Task to complete :: Each line below from the one containing "90口径ネット赤使い捨てコー" through the one containing "Kinderspeiseplan" should be output exactly as it stands, and no other line should appear.
==== Exercise data
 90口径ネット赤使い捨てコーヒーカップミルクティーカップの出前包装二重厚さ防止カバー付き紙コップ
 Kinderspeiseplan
========
==== Exercise data
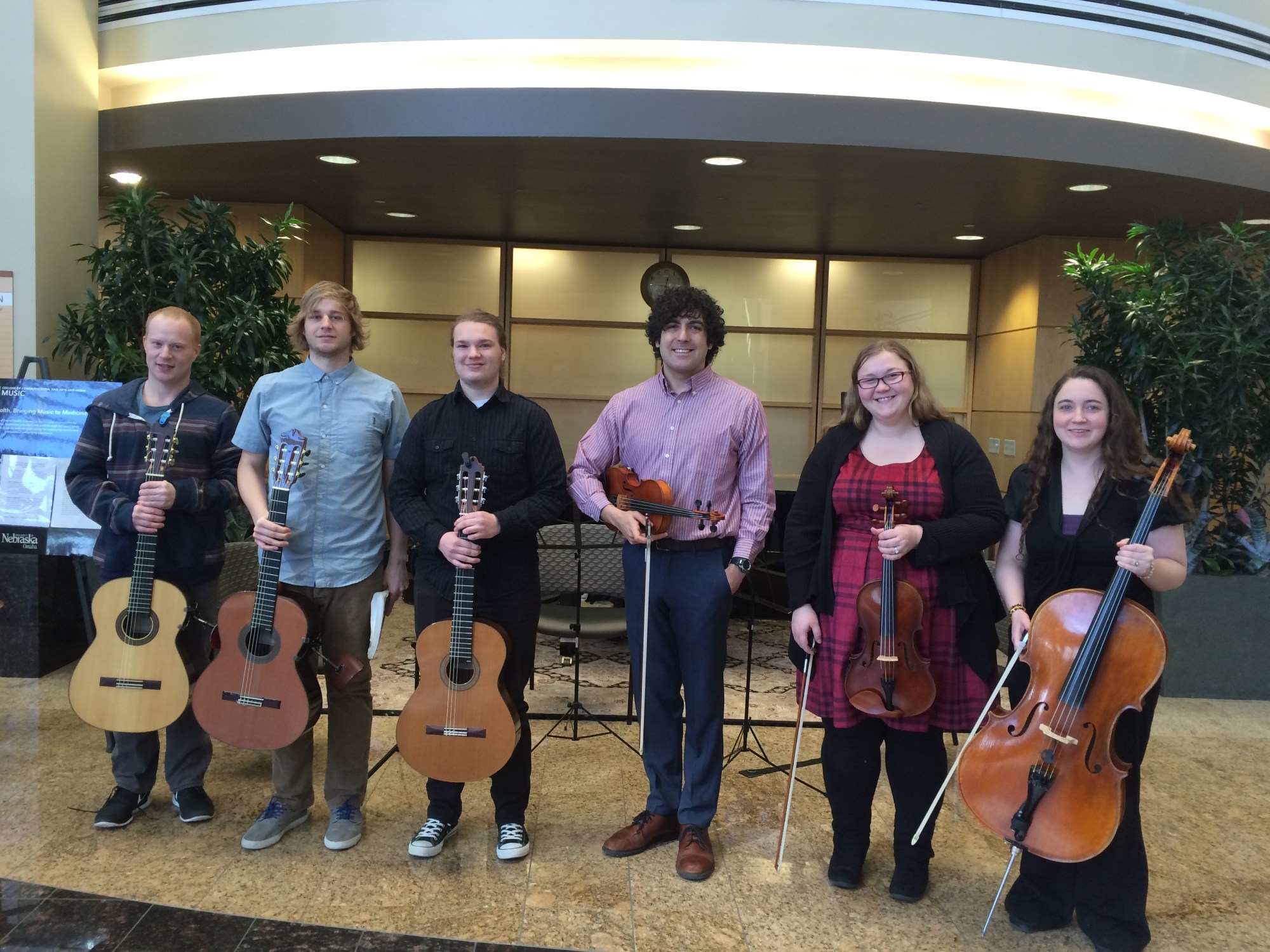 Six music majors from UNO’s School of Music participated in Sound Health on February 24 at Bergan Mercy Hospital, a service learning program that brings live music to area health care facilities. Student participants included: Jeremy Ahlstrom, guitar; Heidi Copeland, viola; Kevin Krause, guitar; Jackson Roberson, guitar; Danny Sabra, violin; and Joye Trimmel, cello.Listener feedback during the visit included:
========
==== Exercise data
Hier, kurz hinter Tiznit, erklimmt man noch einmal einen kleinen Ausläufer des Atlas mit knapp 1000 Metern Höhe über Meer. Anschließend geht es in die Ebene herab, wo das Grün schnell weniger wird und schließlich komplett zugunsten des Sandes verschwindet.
========
Written answer ::
 90口径ネット赤使い捨てコーヒーカップミルクティーカップの出前包装二重厚さ防止カバー付き紙コップ
 Kinderspeiseplan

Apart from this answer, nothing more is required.